━━ Dataset extract

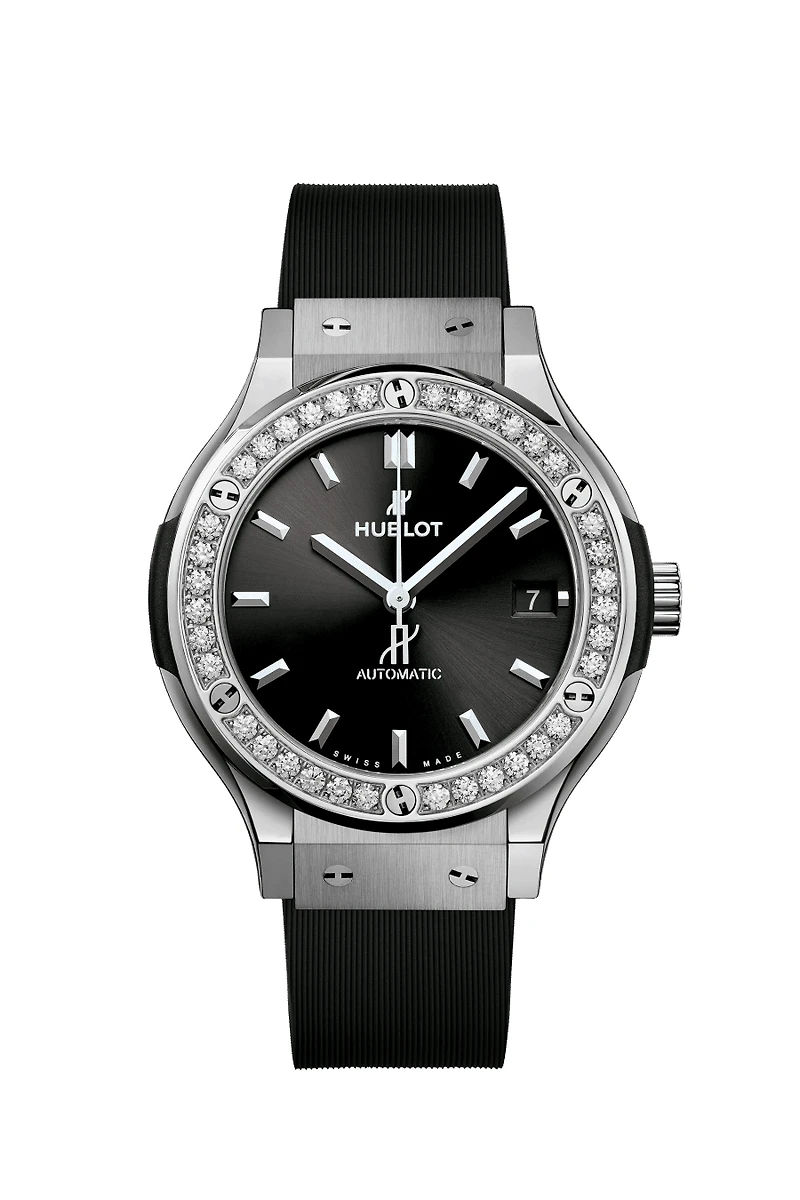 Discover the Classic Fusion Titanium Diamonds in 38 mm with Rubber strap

━━━━
━━ Dataset extract

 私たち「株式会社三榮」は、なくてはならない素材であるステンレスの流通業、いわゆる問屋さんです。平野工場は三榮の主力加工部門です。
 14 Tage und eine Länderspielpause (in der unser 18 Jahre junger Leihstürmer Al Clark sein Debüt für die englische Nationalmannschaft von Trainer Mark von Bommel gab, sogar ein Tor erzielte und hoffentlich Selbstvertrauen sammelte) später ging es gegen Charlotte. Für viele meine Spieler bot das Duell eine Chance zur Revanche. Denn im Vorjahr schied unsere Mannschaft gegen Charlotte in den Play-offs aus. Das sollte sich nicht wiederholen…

━━━━

» **Your assignment**
All that is wanted is an exact copy of the lines above from the one with "私たち「株式会社三榮」は、な" through the one with "14 Tage und", with both ends included.

» **Answer section**
 私たち「株式会社三榮」は、なくてはならない素材であるステンレスの流通業、いわゆる問屋さんです。平野工場は三榮の主力加工部門です。
 14 Tage und eine Länderspielpause (in der unser 18 Jahre junger Leihstürmer Al Clark sein Debüt für die englische Nationalmannschaft von Trainer Mark von Bommel gab, sogar ein Tor erzielte und hoffentlich Selbstvertrauen sammelte) später ging es gegen Charlotte. Für viele meine Spieler bot das Duell eine Chance zur Revanche. Denn im Vorjahr schied unsere Mannschaft gegen Charlotte in den Play-offs aus. Das sollte sich nicht wiederholen…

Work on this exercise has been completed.